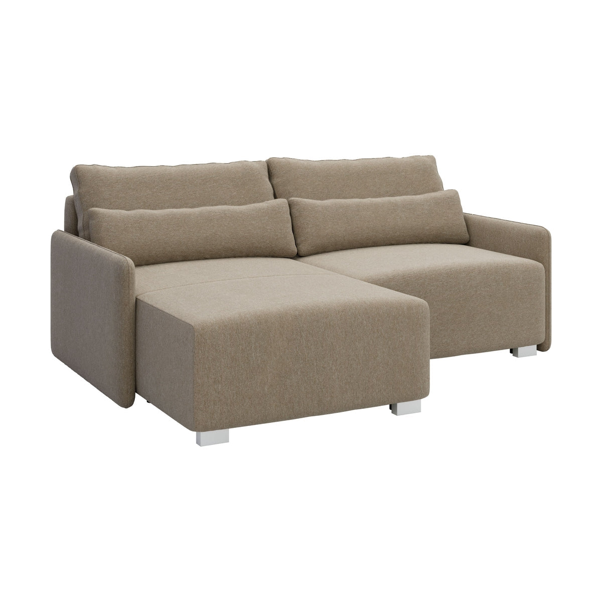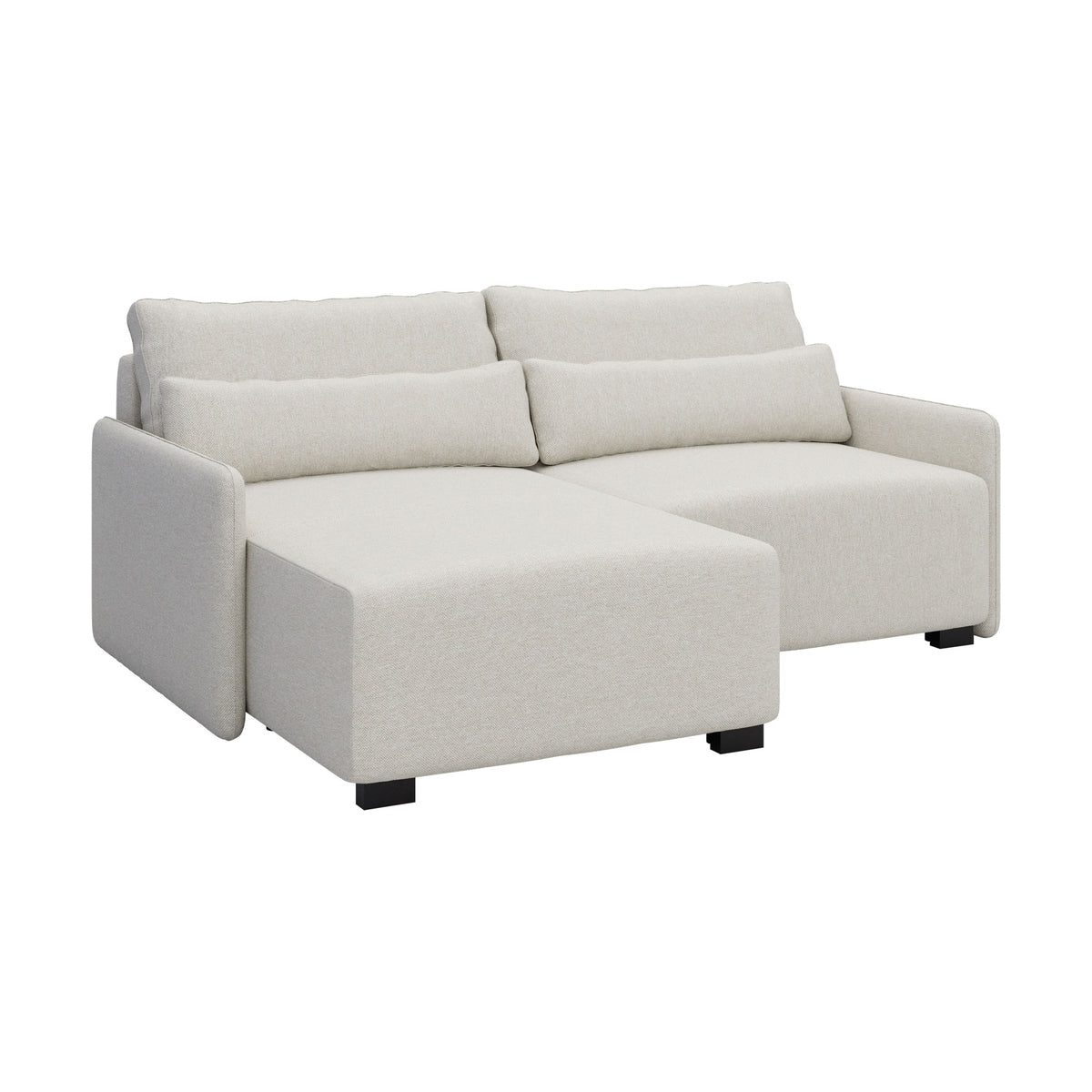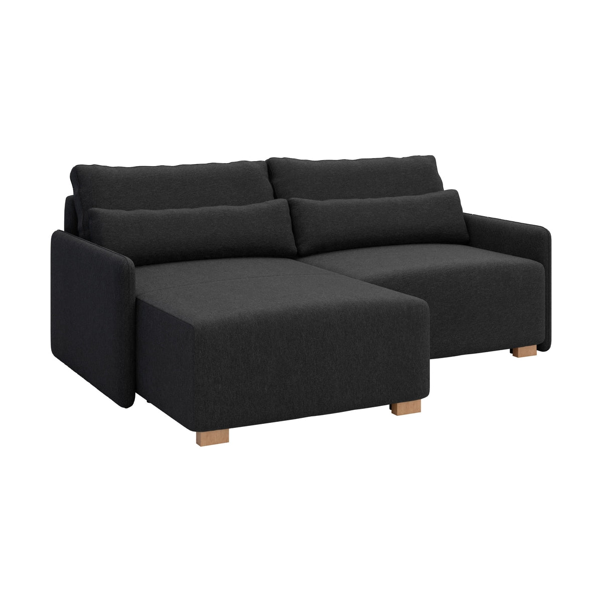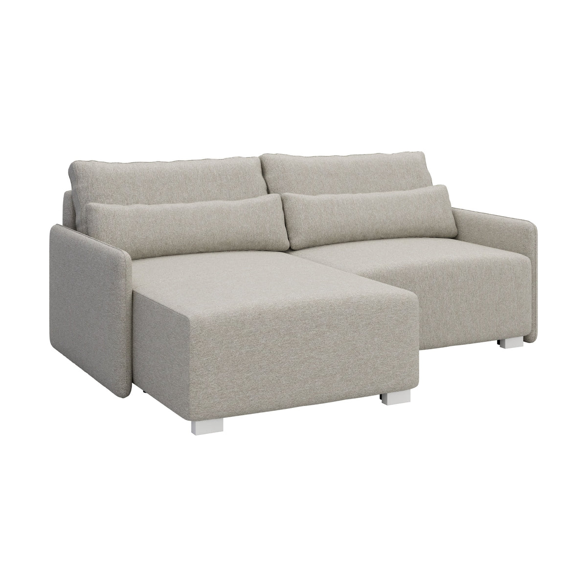 Ъглов диван JASPER е с универсален ъгъл, може да решите от коя страна да е лежанката при сглобяване. Диванът разполага с асистиран механизъм за разтягане, което прави подготвянето на място за сън изключително лесно. Раклата за спално бельо Ви позволява да скриете завивки, възглавници и други вещи и увеличава функционалността на дивана.
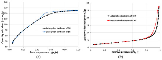 The N2 equilibrium adsorption points were determined using the LPNA method. From these measurements, the adsorption isotherms were plotted, which are shown in Figure 2a,b. The silica gel adsorption isotherm (Figure 2a) represents a type I adsorption material, according to International Union of Pure and Applied Chemistry (IUPAC) [77], and is similar to a Langmuir isotherm. This shape of the isotherm indicates that as the concentration of the N2 adsorbate increased, the active centers became gradually saturated, and the adsorption process decreased. This isotherm shape is typical for materials with many micropores in their porous structure. Carbon nanotubes, which were added to the silica gel, produced a type II isotherm (Figure 2b) [77].
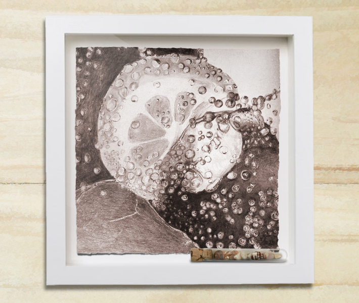 This sepia expression of a lemon slicing its way through water comes in a ten-inch square glass shadow box with customized glass vial with small shells paraphernalia. Images are printed with archival quality inks that provide a vibrant gamut and accurate color resolution. The acid-free, cold pressed watercolor paper gets torn by hand to yield deckled-edges, for a true fine art appearance. To view other available curio box paraphernalia, select the Designs > Shadow Box Elements tab in any blank designer template.
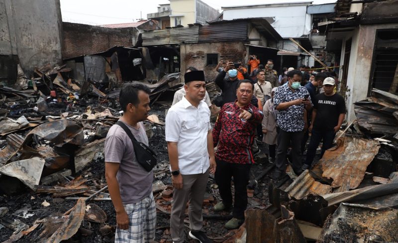 Wali Kota Surabaya Eri Cahyadi mendatangi lokasi musibah kebakaran rumah di Jalan Kedondong Kidul II, Kelurahan Tegalsari, Kecamatan Tegalsari.
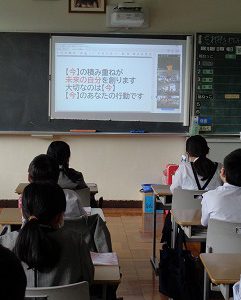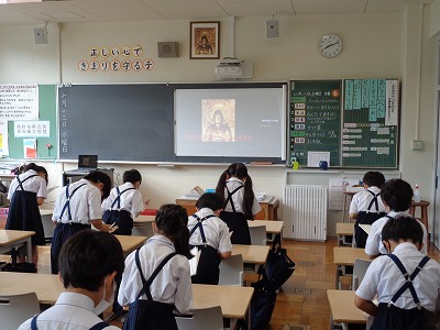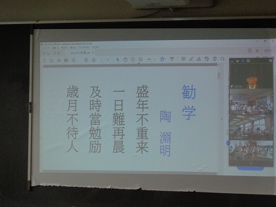「元気な時期はあまり長くありません。今できるときに勉学に励みましょう。年月は待ってくれません。今できることを一生けん命頑張りましょう。」とお話されました。1700年ほど前の詩です。今の私達と同じように、昔の方も時間が過ぎるのは早いと感じていたのですね。
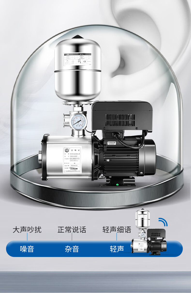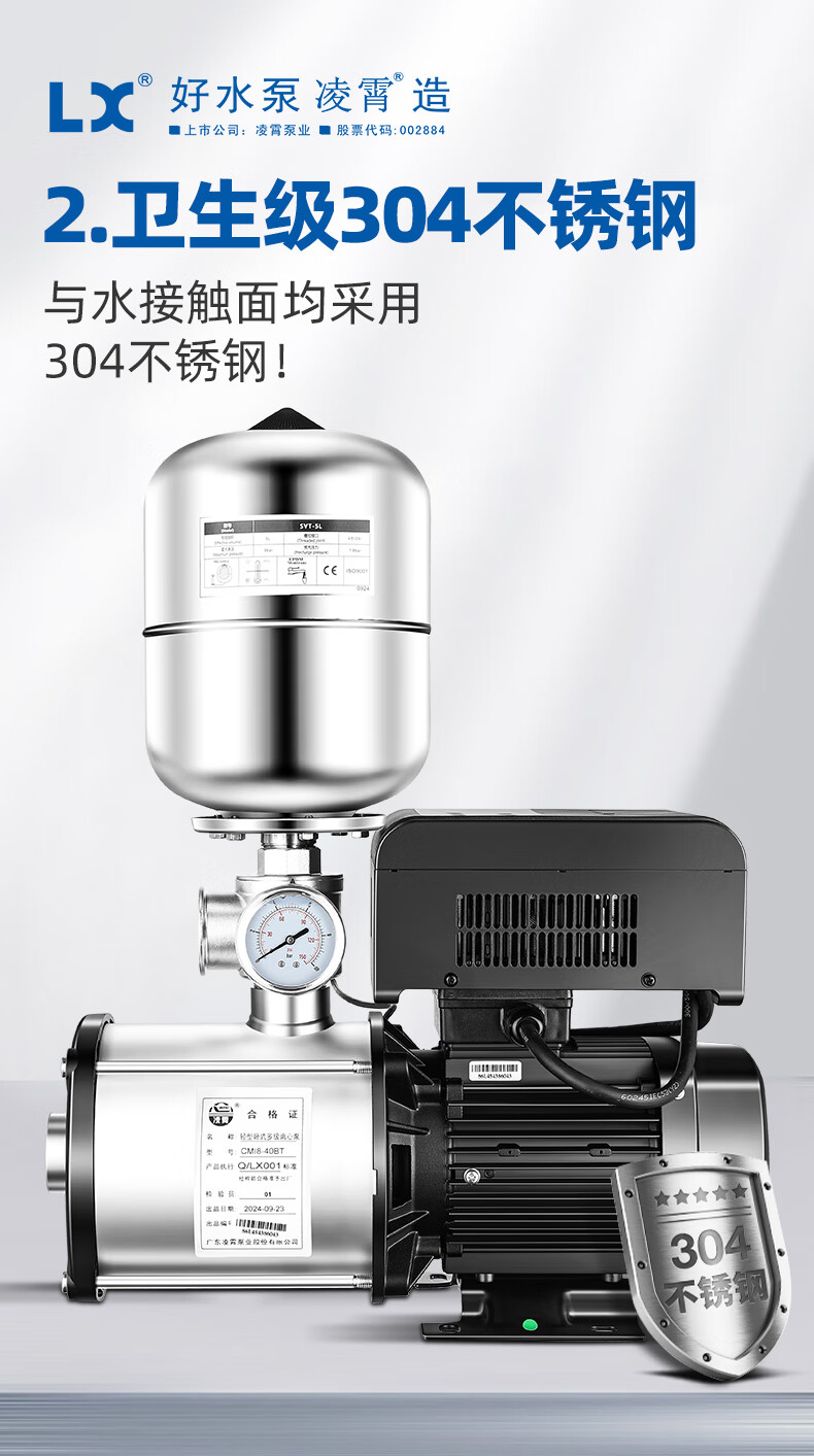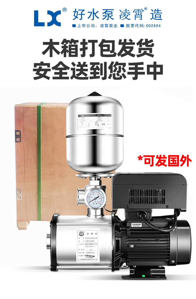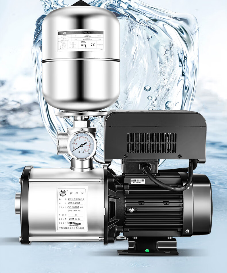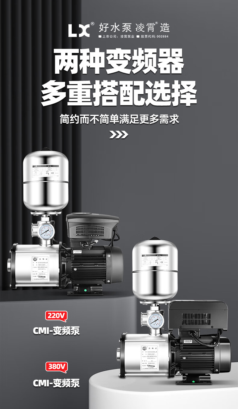 Lingxiao CMI variable frequency constant voltage booster pump intelligent fully automatic silent 304 stainless steel 220V household and commercial 380V 220V-550W-3 cubic meters/hour-34 meters
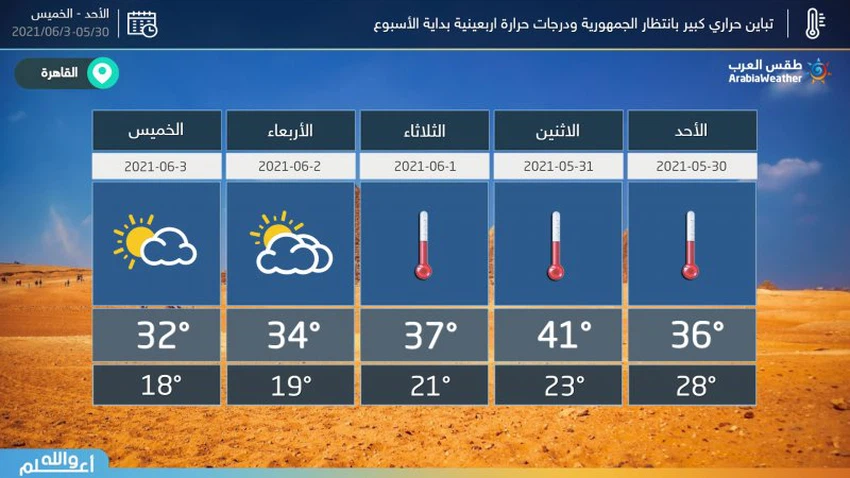 ويبتعد المنخفض الجوي الخماسيني باتجاه بلاد الشام وتتجه درجات الحرارة إلى الانخفاض يوم الثلاثاء، لكن تبقى الأجواء الحارّة هي السائدة في مختلف المناطق، وتكوم الرياح شمالية معتدلة السرعة، تنشط احياناً وتكون مثيرة للغبار في المناطق الجنوبية، وتظهر بعض السحب على ارتفاعات متوسطة وعالية، بحيث تتهيأ الفرصة لسقوط زخات متفرقة من الأمطار في مناطق عشوائية ومتفرقة من مصر.
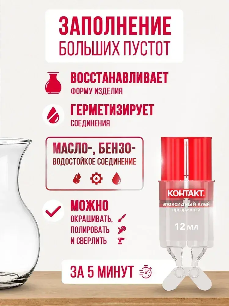 Эпоксидный клей КОНТАКТ прозрачный 12 мл.
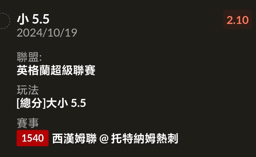 → pandalove: 賽前熱刺3球賠率1.8垃圾 1.200.6.189 10/19 20:04
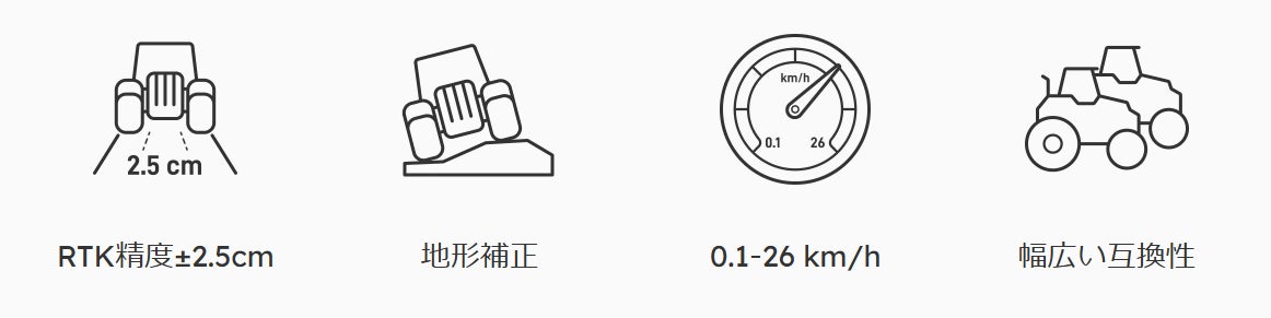 通常販売価格は税込77万円(※別途取付け費用)で、機種やメーカーを問わず様々な農機に後付けでき、初心者の方でも導入しやすく使いやすいスマート設計がコンセプトの自動操舵システムです。別途オプションにて地域のニーズを満たすターン機能やISOBUS規格の施肥機やスプレーヤなどの各種作業機と連携や制御も可能になります。
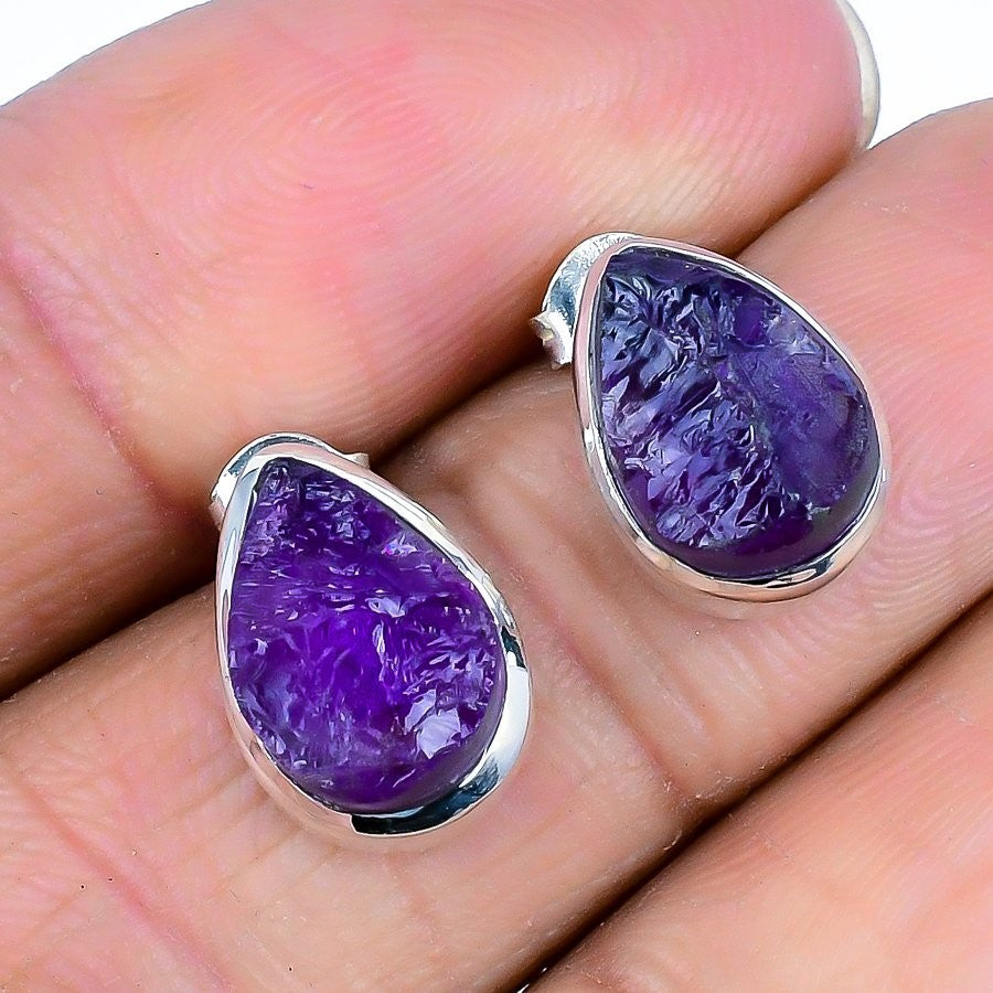Amethyst Druzy Gemstone Unique Stud Art Deco Sisters Gift Earrings Solid Silver
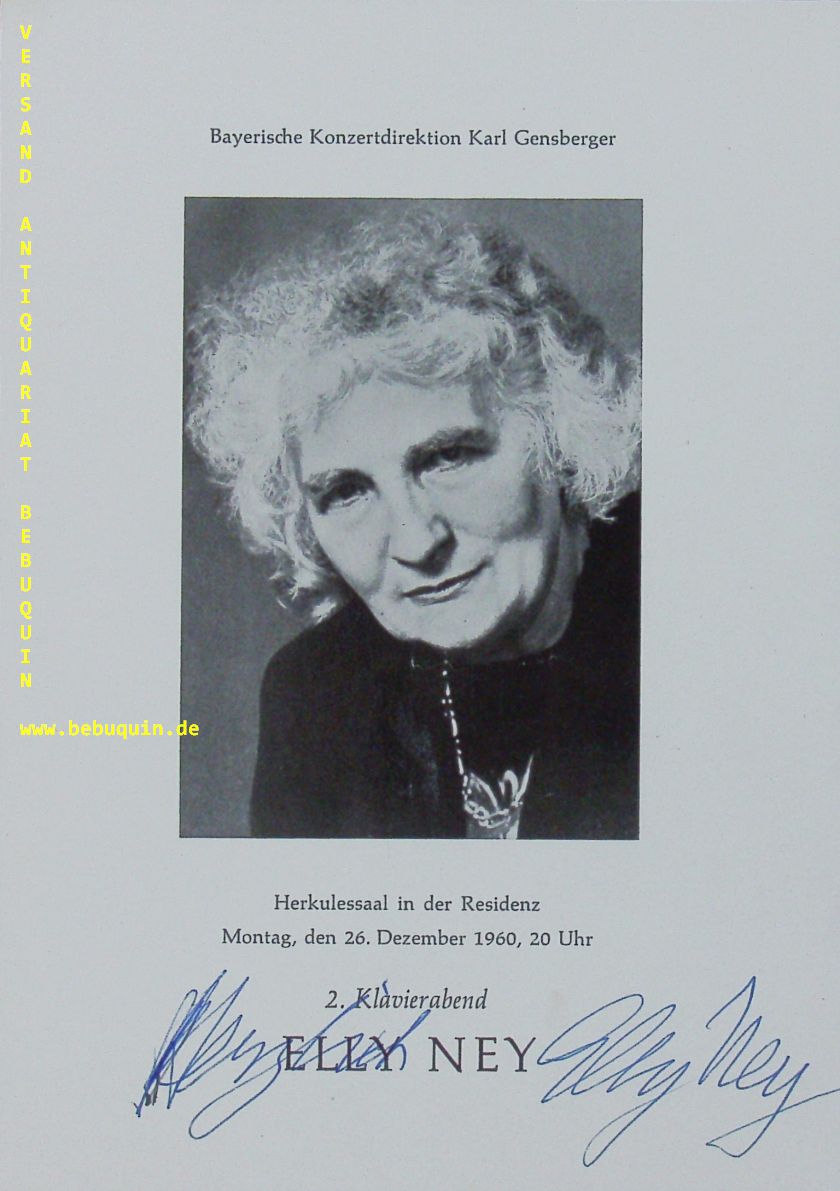 NEY, Elly (Pianistin): eigenhändig signierte Portraitseite: Herzlich. München (Herkulessaal), 26.12.1960. 21 x 15 cm. 1 Bl. Anbei eine Rüdel Portrait-Postkarte von Rosemarie Clausen.
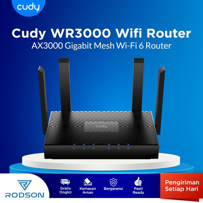 Router WiFi 6 Cudy WR3000 AX3000 – Kecepatan 2976Mbps, 4 Antena, Gigabit Port Dual Band Covers 130 m² (1,400 ft²)
——
_Activity_
Nothing except the lines from the one containing "1.200.6.189 10/19 20:04" through the one containing "通常販売価格は税込77万円(※別途取付け" should appear in the answer, exactly as above and without pictures.

_Response box_
 → pandalove: 賽前熱刺3球賠率1.8垃圾 1.200.6.189 10/19 20:04
 通常販売価格は税込77万円(※別途取付け費用)で、機種やメーカーを問わず様々な農機に後付けでき、初心者の方でも導入しやすく使いやすいスマート設計がコンセプトの自動操舵システムです。別途オプションにて地域のニーズを満たすターン機能やISOBUS規格の施肥機やスプレーヤなどの各種作業機と連携や制御も可能になります。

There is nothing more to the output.